A pesquisa, dirigida por Lisa Diamond, da Universidade de Utah, e
publicada pela revista "Developmental Psychology", da Associação de
Psicologia dos Estados Unidos, descobriu que as mulheres bissexuais
continuam sentindo-se atraídas por ambos os sexos ao longo do tempo.
Diamond é autora do livro "Sexual Fluidity" que descreve a
prática de muitas mulheres que têm relações heterossexuais e
homossexuais de forma simultânea ou alternada.
Segundo ela, duas em cada três mulheres entrevistadas em seu
estudo tinham mudado sua preferência sexual pelo menos uma vez.
"Muito disto tem a ver com o fato de que até as mulheres com
orientação lésbica freqüentemente se sentem atraídas por homens",
explicou Diamond.
"Algumas mulheres dizem: 'não se pode chamar de lésbica alguém
que sai com um homem', apesar de essa ser a melhor descrição da
situação'. E por isso deixam de ser catalogadas totalmente",
acrescentou.
Uma das mulheres entrevistadas por Diamond, Sheila, primeiro se
identificou como bissexual, dois anos depois disse que se sentia
atraída por mulheres, mais tarde ficou noiva de um homem, e mais
adiante decidiu que queria ficar com mulheres.

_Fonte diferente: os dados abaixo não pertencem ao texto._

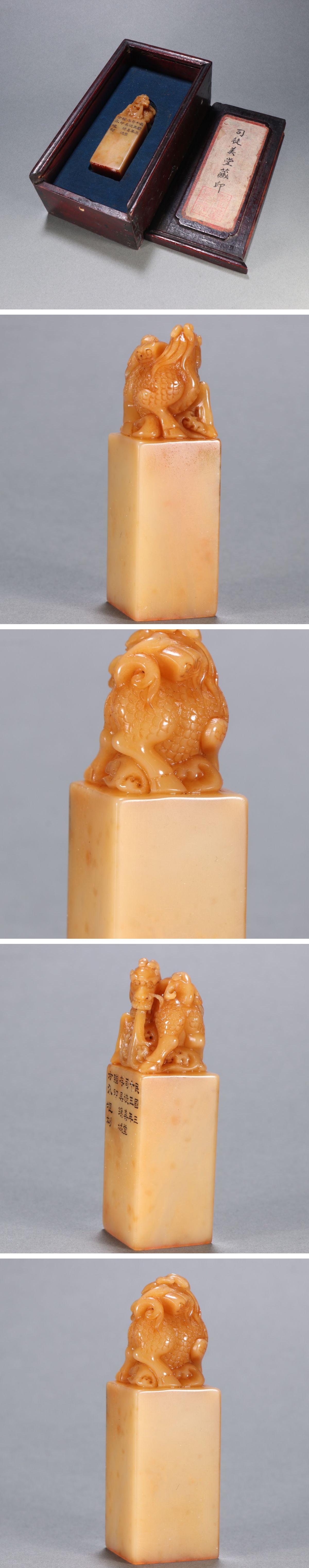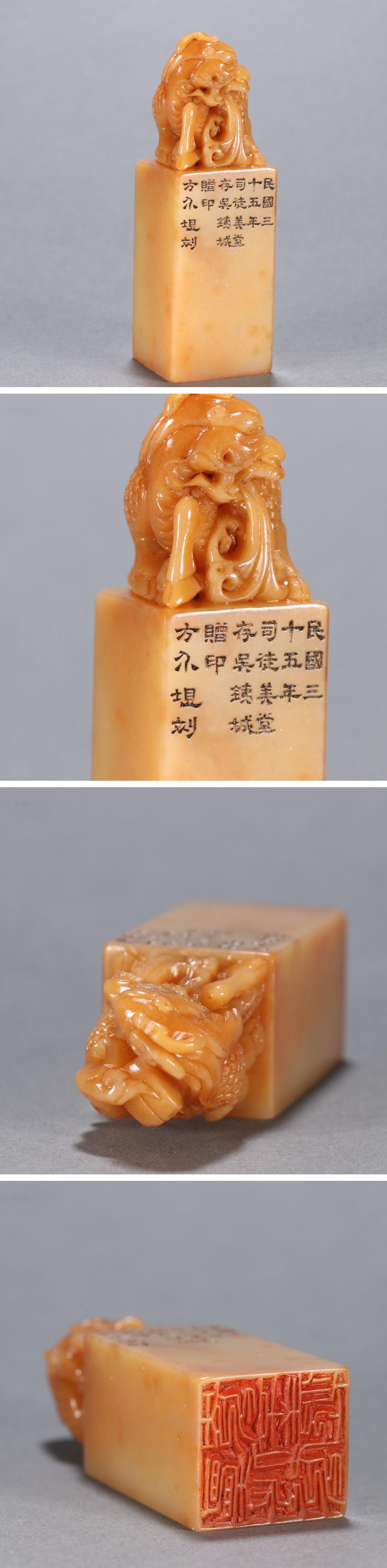 【清】某有名オークション購入 中華民国時代 寿山田黄石 瑞獣紋印章 材質保証 古置物 古擺件 古美術 時代コレクション7L10-SQ8

"Nossas conclusões demonstram que a diferença entre lesbianismo e
bissexualidade é mais um assunto de grau que de substância", indicou
a autora do estudo.
A pesquisa das orientações sexuais teve "avanços significativos
nos últimos 20 anos, mas uma área continua muito mal investigada, a
bissexualidade", disse Diamond.
Em parte, o problema é a definição de bissexualidade, já que
muitos pesquisadores e leigos vêem essa opção como um padrão de
resposta erótica a ambos os sexos.
"Mas até este conceito amplo deixa muitas perguntas sem
resposta", ressaltou Diamond.
"Qualquer instância passageira de atração por uma pessoa do mesmo
sexo conta, ou os bissexuais devem experimentar atrações regulares,
fortes e sustentadas por pessoas dos dois sexos?", questiona.